### Your objective
Without any of its pictures, the listing below should be output exactly.

### Supplied information
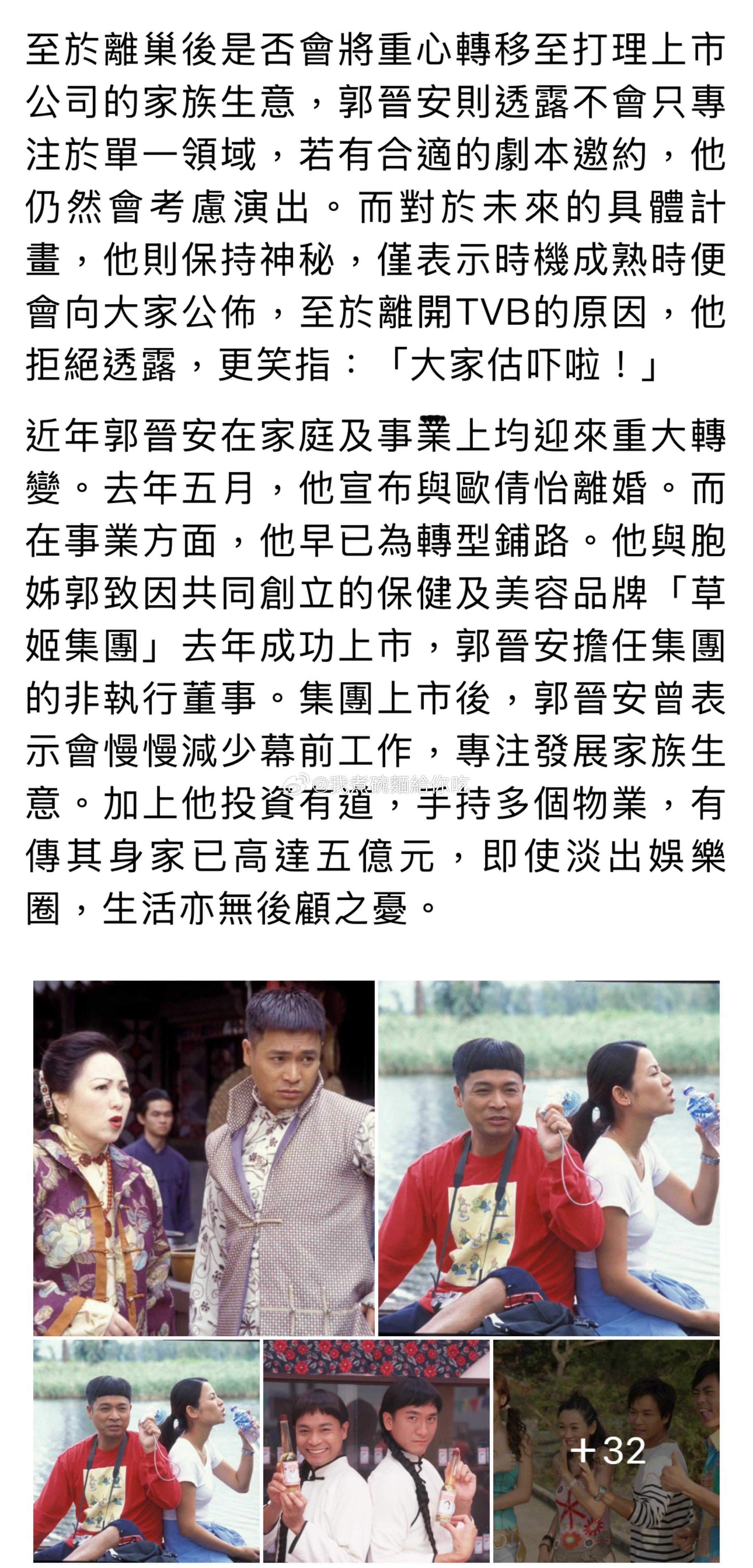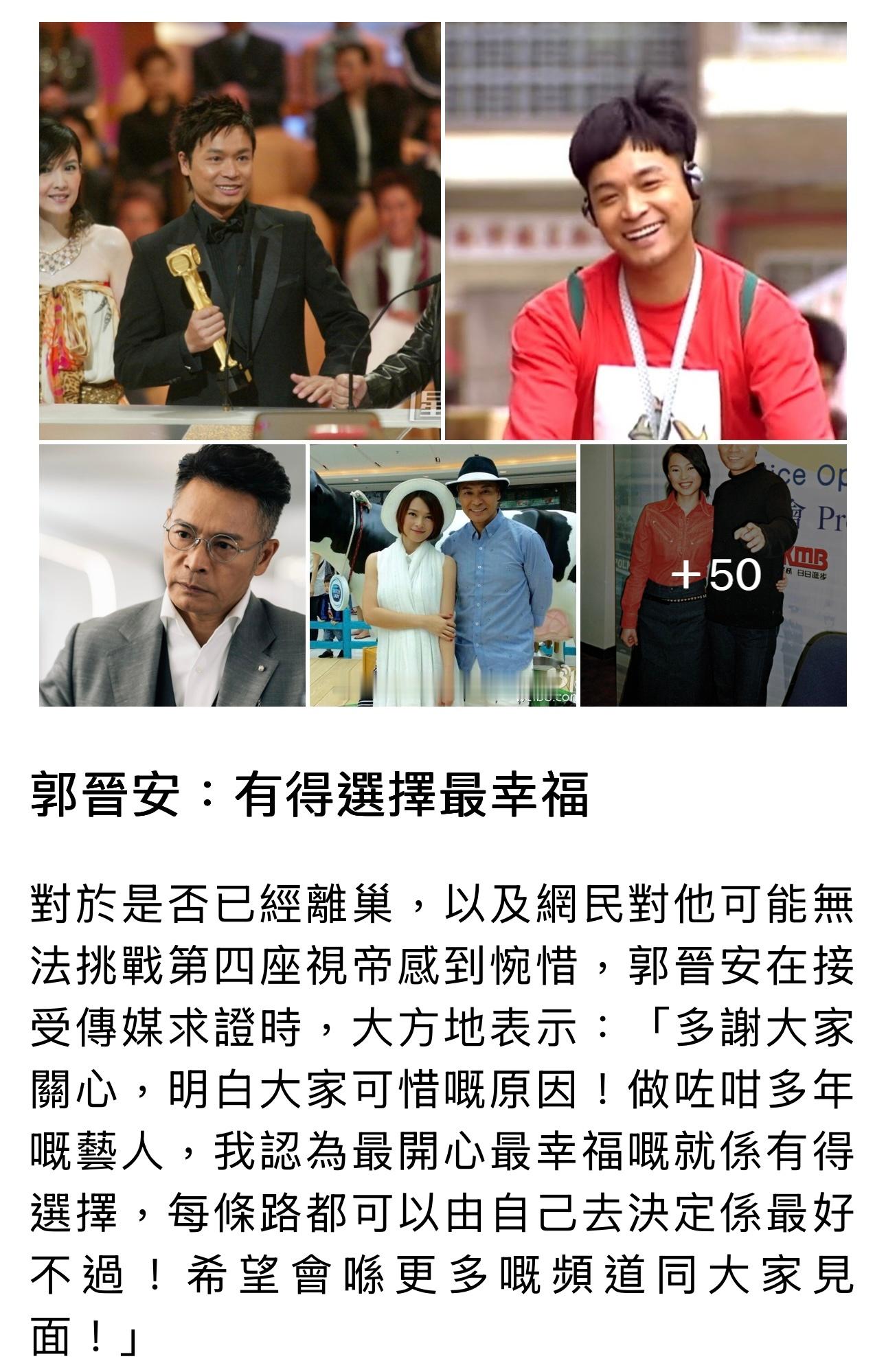 郭晋安承认离巢TVB.61岁郭晋安被发现已不在TVB官网的艺员名单之列,引发外界揣测他已与TVB结束多年的宾主关系。对于是否已经离巢,郭晋安在接受传媒求证时,他表示:「多谢大家关心,明白大家可惜的原因,做了这么多年的艺人,我认为最开心最幸福的就是有得选择,每条路都可以由自己去决定是最好不过,希望会在更多的频道跟大家见面。」至于离巢后是否会将重心转移至打理公司的生意,郭晋安则透露不会只专注于单一领域,若有合适的剧本邀约,他仍然会考虑演出。而对于未来的具体计划,他表示时机成熟时便会向大家公布。至于离开TVB的原因,他拒绝透露,更笑指:「大家猜下啦!」
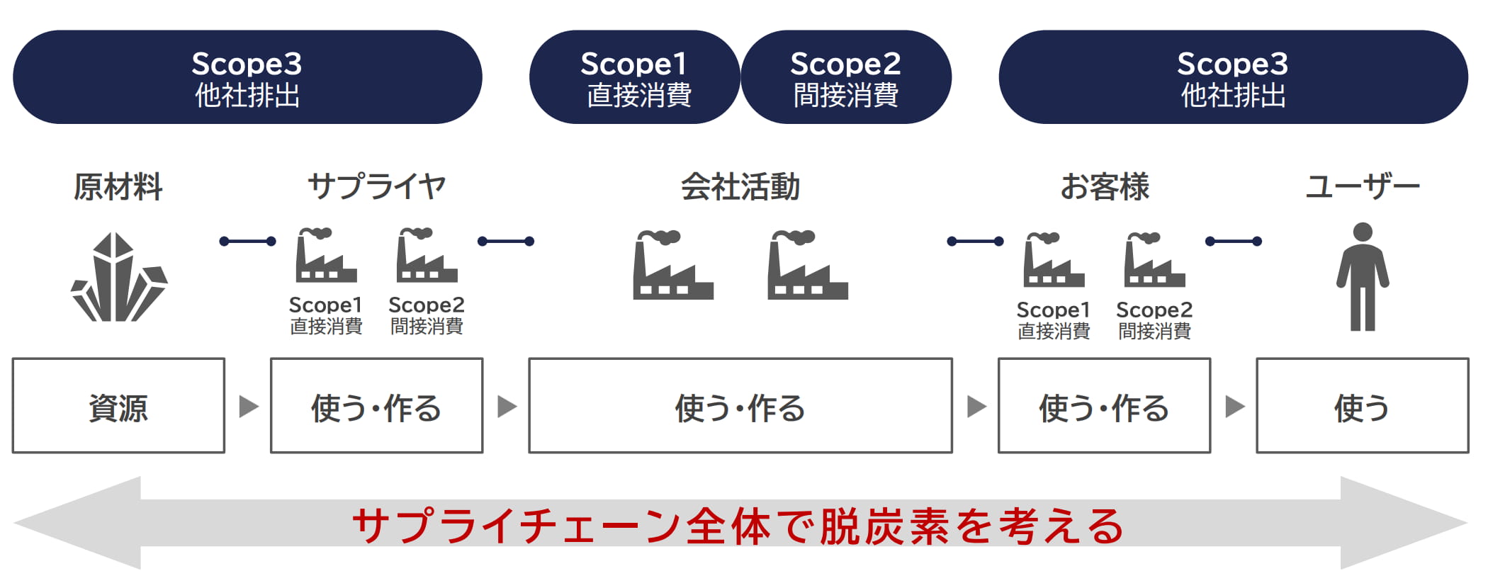 C-TurtleはGHGプロトコルに基づくスコープ1(自社での直接排出)、スコープ2(電力使用による間接排出)、スコープ3(サプライチェーン全体の排出)の算定に対応する。特にスコープ3の算定では従来の産業連関表ベースの排出原単位ではなく、「総排出量配分方式」を採用した点が画期的だ。
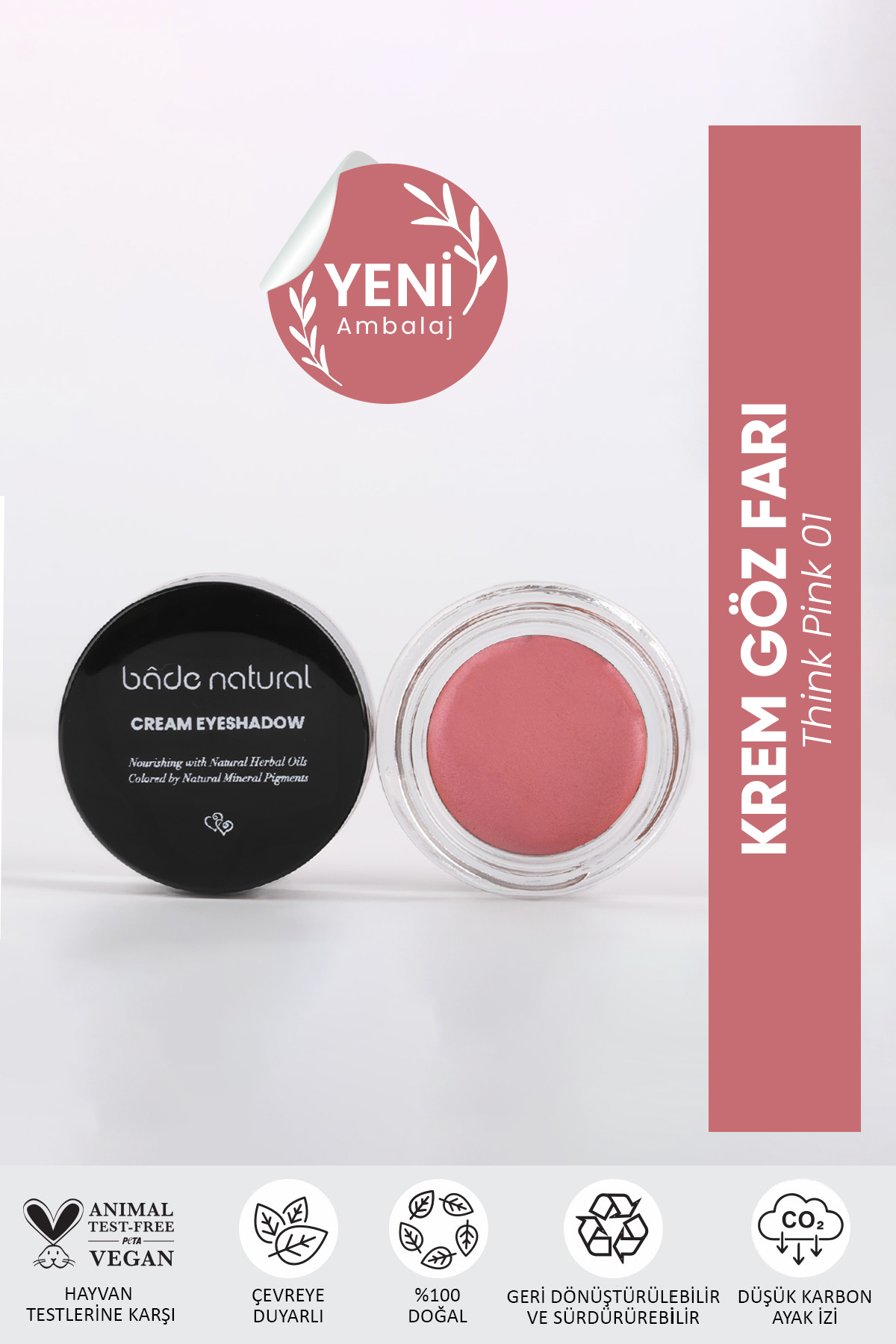 Bade Natural Cream Eyeshadow Think Pink 01 is produced with raw materials supplied from certified producers and after quality control tests in our R D center, filling processes are completed in our factory.Bade Natural products are formulated with 100 natural raw materials and 100 pure essential oils. All of our products have been dermatologically tested. It is nature friendly

### Exercise solution
 郭晋安承认离巢TVB.61岁郭晋安被发现已不在TVB官网的艺员名单之列,引发外界揣测他已与TVB结束多年的宾主关系。对于是否已经离巢,郭晋安在接受传媒求证时,他表示:「多谢大家关心,明白大家可惜的原因,做了这么多年的艺人,我认为最开心最幸福的就是有得选择,每条路都可以由自己去决定是最好不过,希望会在更多的频道跟大家见面。」至于离巢后是否会将重心转移至打理公司的生意,郭晋安则透露不会只专注于单一领域,若有合适的剧本邀约,他仍然会考虑演出。而对于未来的具体计划,他表示时机成熟时便会向大家公布。至于离开TVB的原因,他拒绝透露,更笑指:「大家猜下啦!」
 C-TurtleはGHGプロトコルに基づくスコープ1(自社での直接排出)、スコープ2(電力使用による間接排出)、スコープ3(サプライチェーン全体の排出)の算定に対応する。特にスコープ3の算定では従来の産業連関表ベースの排出原単位ではなく、「総排出量配分方式」を採用した点が画期的だ。
 Bade Natural Cream Eyeshadow Think Pink 01 is produced with raw materials supplied from certified producers and after quality control tests in our R D center, filling processes are completed in our factory.Bade Natural products are formulated with 100 natural raw materials and 100 pure essential oils. All of our products have been dermatologically tested. It is nature friendly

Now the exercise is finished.